***** SUPPLIED MATERIAL *****
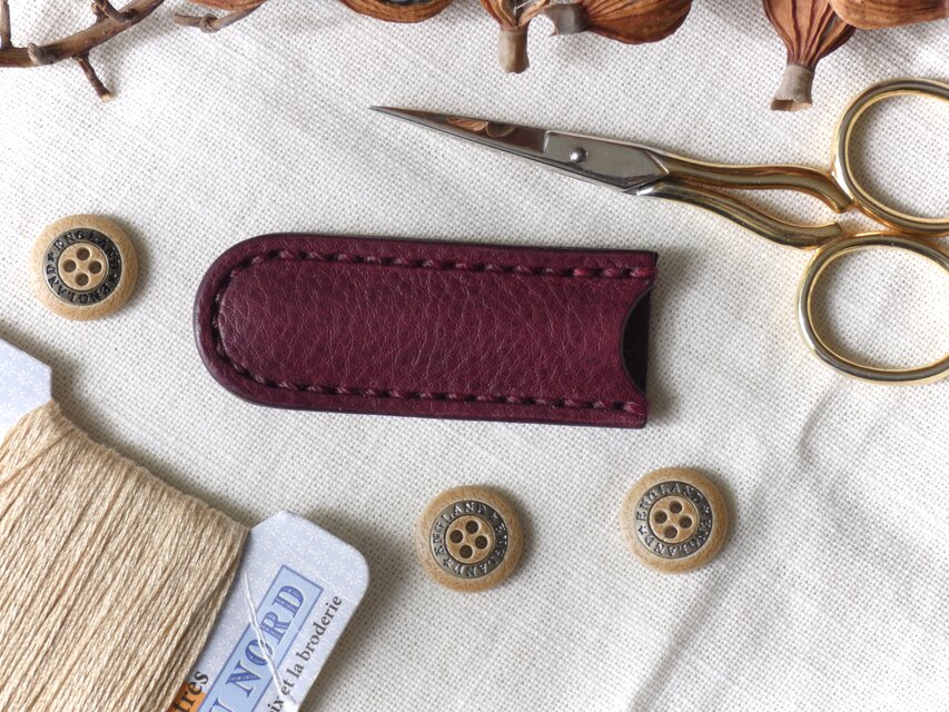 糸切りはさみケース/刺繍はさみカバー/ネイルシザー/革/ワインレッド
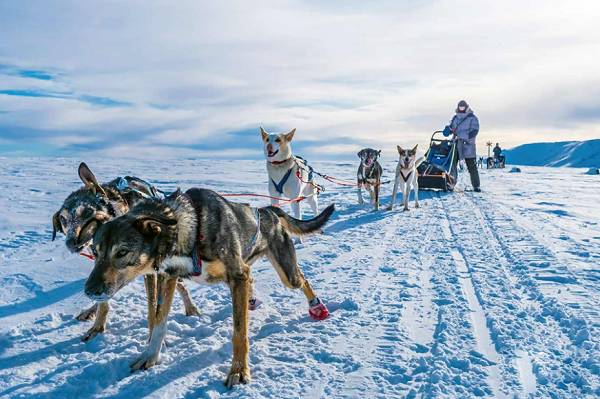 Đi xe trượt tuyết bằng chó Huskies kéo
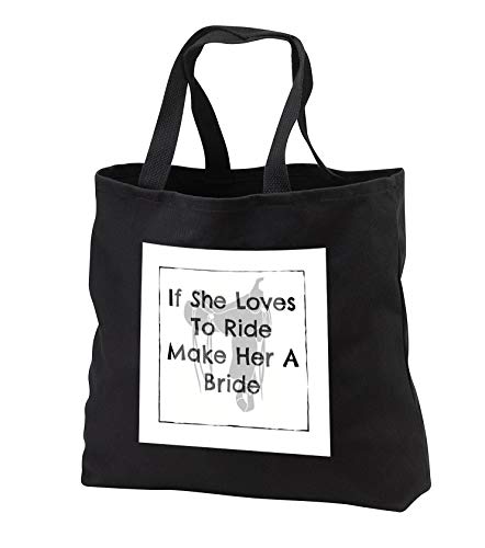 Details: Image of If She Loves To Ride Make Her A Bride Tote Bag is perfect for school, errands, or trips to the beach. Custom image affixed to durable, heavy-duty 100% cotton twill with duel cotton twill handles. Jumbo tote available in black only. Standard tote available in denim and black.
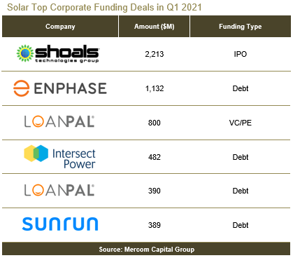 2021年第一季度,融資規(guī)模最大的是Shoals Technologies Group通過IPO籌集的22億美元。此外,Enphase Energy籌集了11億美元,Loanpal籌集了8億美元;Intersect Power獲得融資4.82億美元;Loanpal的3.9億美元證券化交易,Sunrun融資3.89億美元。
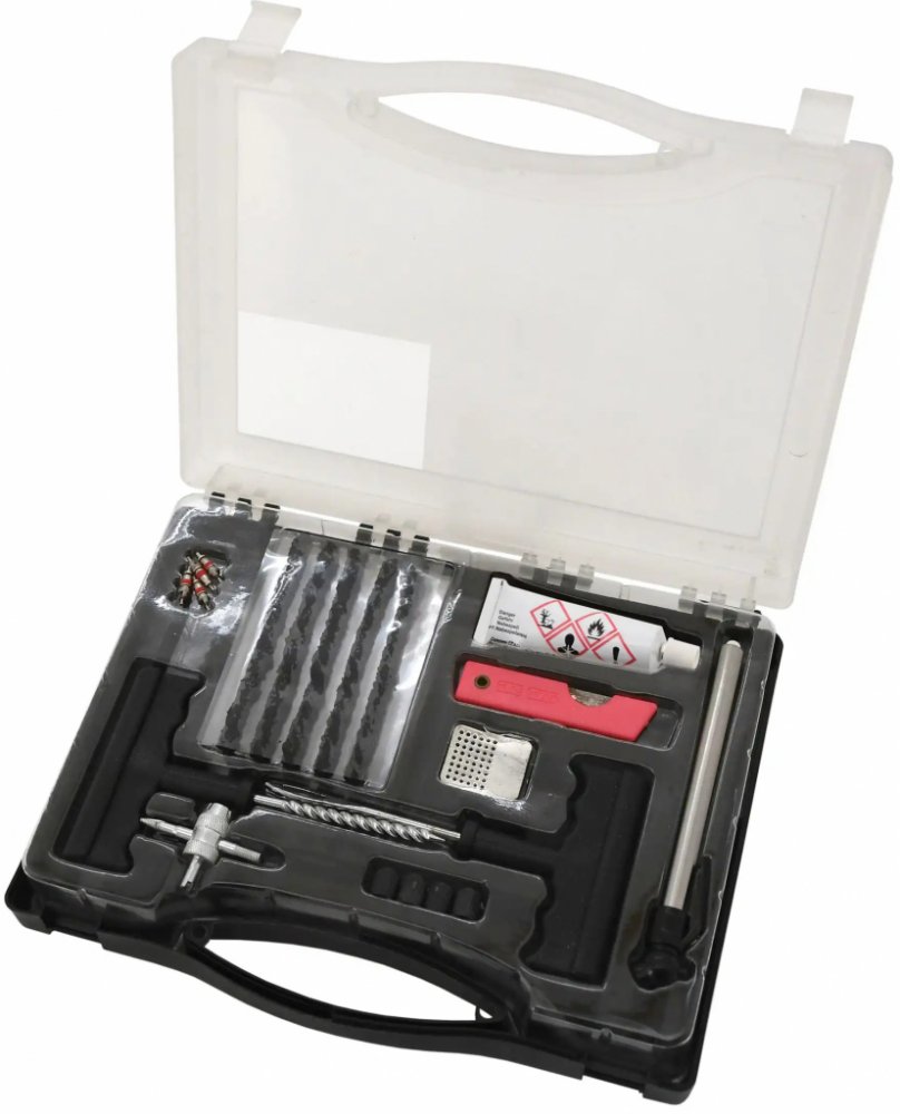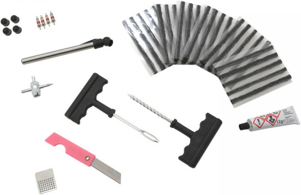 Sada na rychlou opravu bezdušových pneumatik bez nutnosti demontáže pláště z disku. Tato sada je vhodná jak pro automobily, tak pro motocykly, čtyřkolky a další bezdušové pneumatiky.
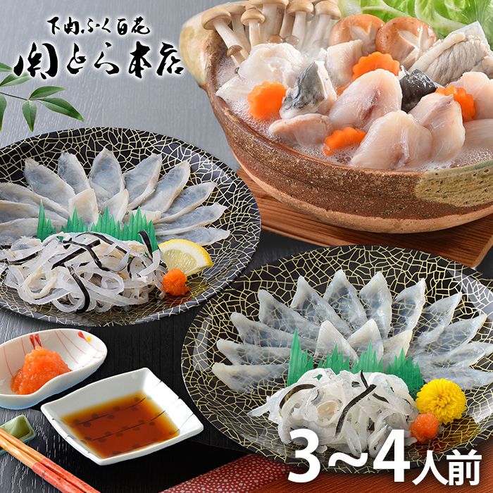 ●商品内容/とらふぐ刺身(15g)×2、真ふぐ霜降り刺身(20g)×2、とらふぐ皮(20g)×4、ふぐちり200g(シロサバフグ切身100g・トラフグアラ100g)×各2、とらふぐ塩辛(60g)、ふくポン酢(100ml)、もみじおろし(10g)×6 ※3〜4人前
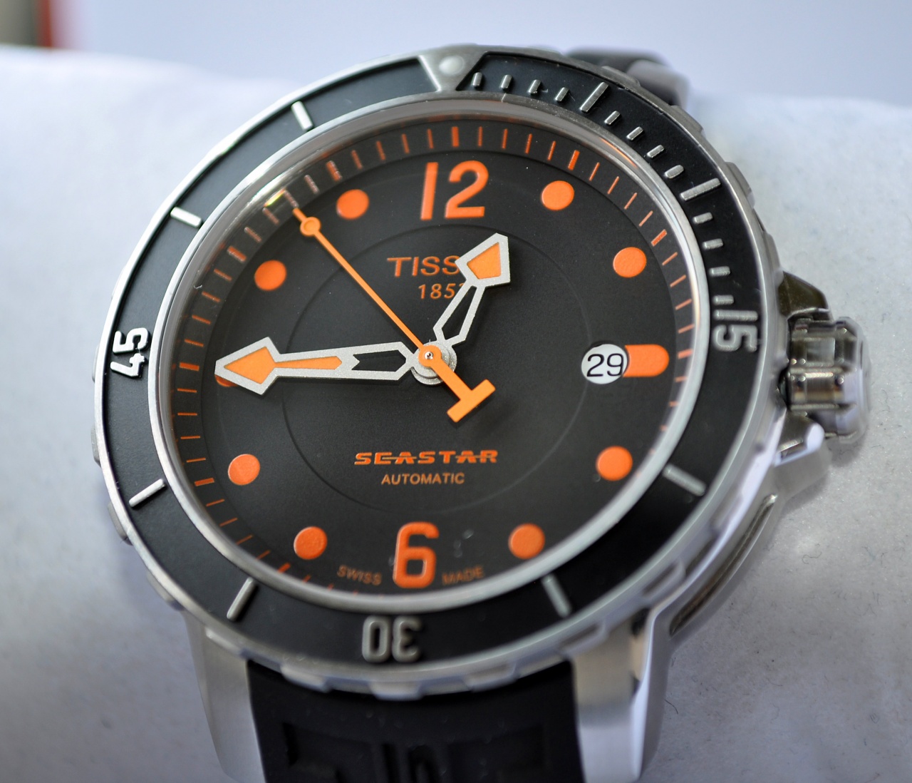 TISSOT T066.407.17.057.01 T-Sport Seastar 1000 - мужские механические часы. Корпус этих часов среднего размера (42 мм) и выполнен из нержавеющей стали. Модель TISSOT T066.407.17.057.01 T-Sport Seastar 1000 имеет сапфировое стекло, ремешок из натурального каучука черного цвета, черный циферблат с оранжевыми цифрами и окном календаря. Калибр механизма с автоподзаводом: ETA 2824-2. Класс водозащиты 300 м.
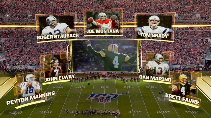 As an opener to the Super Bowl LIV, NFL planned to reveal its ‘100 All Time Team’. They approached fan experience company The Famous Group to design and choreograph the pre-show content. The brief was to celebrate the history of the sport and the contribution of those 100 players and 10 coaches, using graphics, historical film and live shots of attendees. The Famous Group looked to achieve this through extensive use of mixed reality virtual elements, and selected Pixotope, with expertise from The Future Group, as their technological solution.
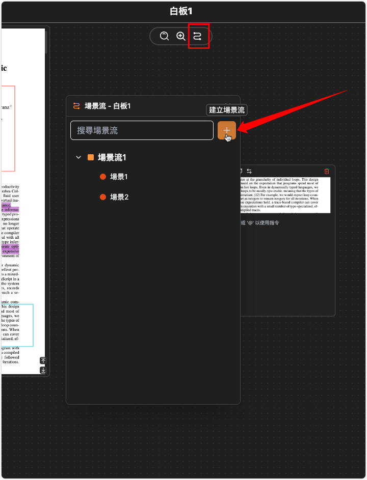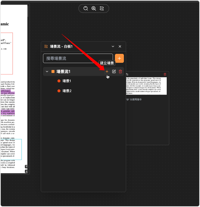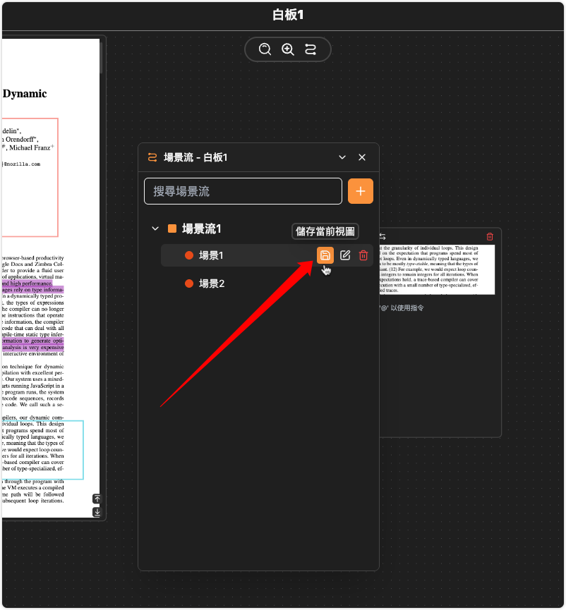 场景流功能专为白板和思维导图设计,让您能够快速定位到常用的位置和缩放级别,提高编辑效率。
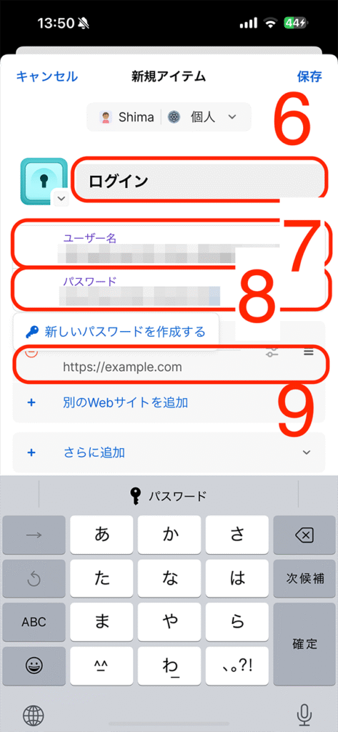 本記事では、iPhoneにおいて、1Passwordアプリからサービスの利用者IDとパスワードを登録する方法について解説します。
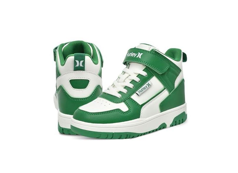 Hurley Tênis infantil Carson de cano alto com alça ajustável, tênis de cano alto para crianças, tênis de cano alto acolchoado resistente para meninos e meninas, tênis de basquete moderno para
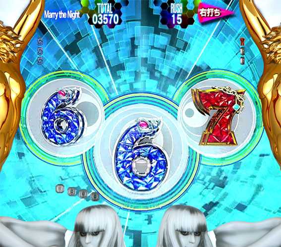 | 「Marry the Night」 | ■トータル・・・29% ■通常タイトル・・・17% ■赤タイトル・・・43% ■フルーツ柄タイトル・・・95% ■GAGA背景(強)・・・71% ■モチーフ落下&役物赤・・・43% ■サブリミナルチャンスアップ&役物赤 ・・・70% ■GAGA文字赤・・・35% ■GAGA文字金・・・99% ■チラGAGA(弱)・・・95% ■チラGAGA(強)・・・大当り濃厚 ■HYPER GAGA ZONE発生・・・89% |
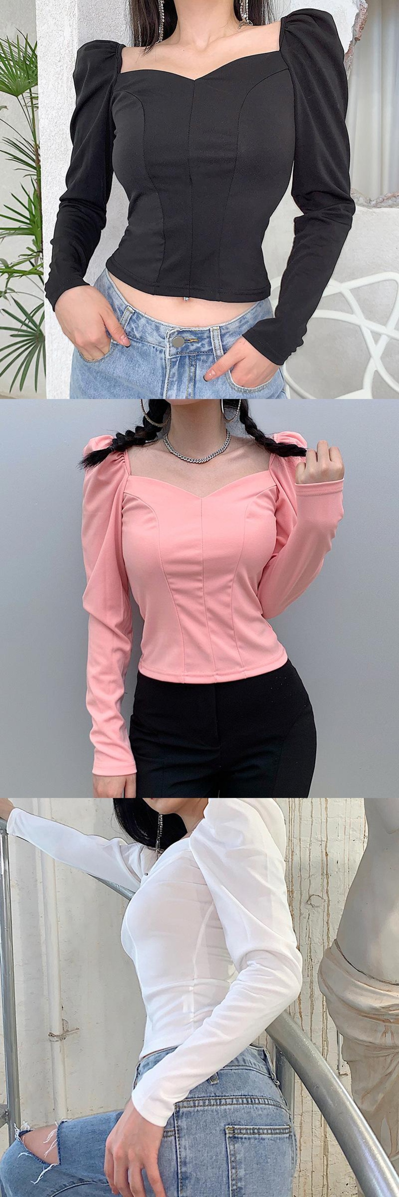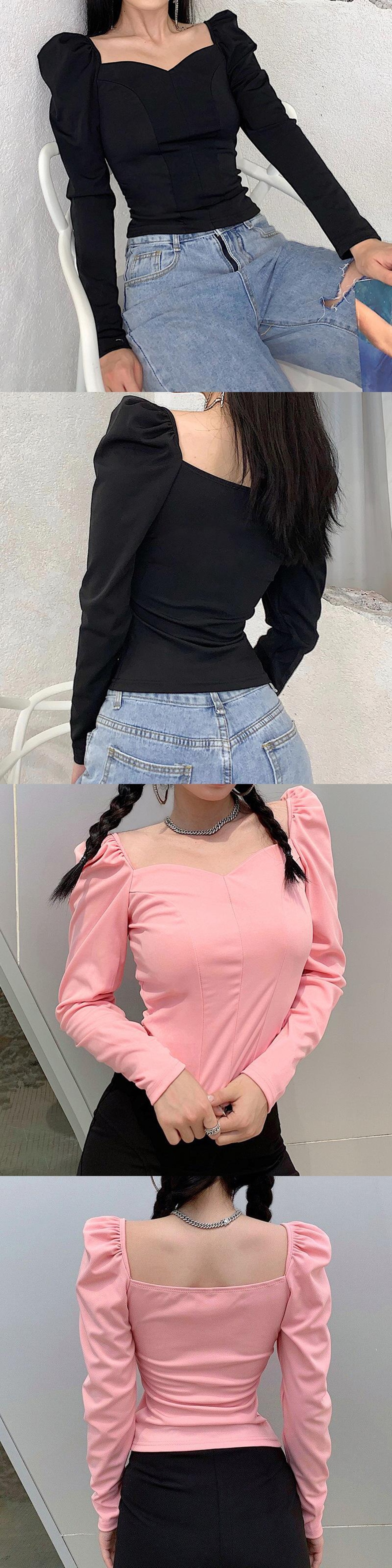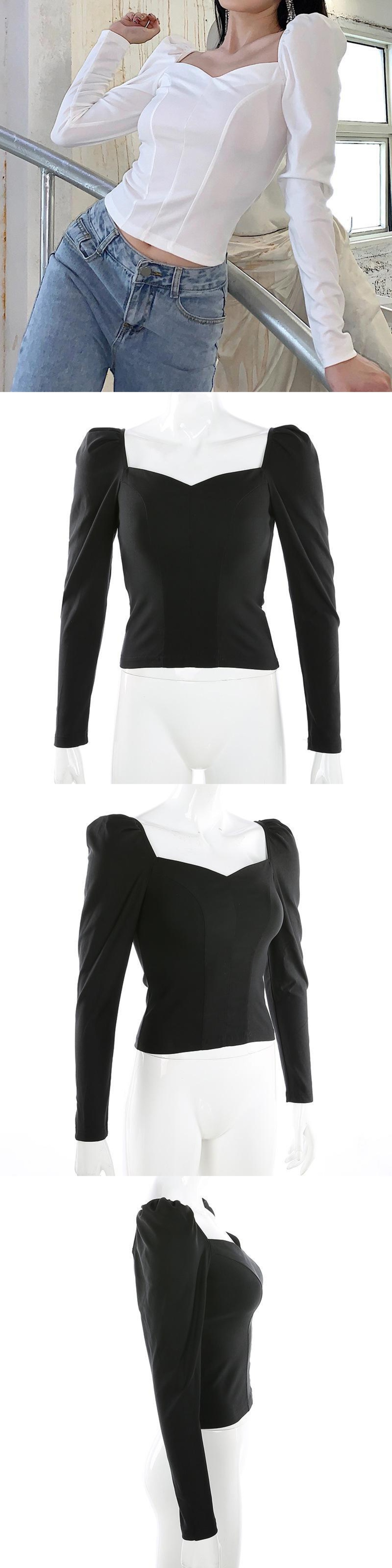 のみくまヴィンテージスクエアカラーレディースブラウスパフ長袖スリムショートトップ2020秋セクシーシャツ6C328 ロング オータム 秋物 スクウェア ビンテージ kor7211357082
*****
REQUIREMENT:
The required response consists solely of the lines from the line containing "Hurley Tênis infantil" through the end of the listing, both ends included, copied exactly without pictures.

SOLUTION FOR THIS PROBLEM:
 Hurley Tênis infantil Carson de cano alto com alça ajustável, tênis de cano alto para crianças, tênis de cano alto acolchoado resistente para meninos e meninas, tênis de basquete moderno para
 | 「Marry the Night」 | ■トータル・・・29% ■通常タイトル・・・17% ■赤タイトル・・・43% ■フルーツ柄タイトル・・・95% ■GAGA背景(強)・・・71% ■モチーフ落下&役物赤・・・43% ■サブリミナルチャンスアップ&役物赤 ・・・70% ■GAGA文字赤・・・35% ■GAGA文字金・・・99% ■チラGAGA(弱)・・・95% ■チラGAGA(強)・・・大当り濃厚 ■HYPER GAGA ZONE発生・・・89% |
 のみくまヴィンテージスクエアカラーレディースブラウスパフ長袖スリムショートトップ2020秋セクシーシャツ6C328 ロング オータム 秋物 スクウェア ビンテージ kor7211357082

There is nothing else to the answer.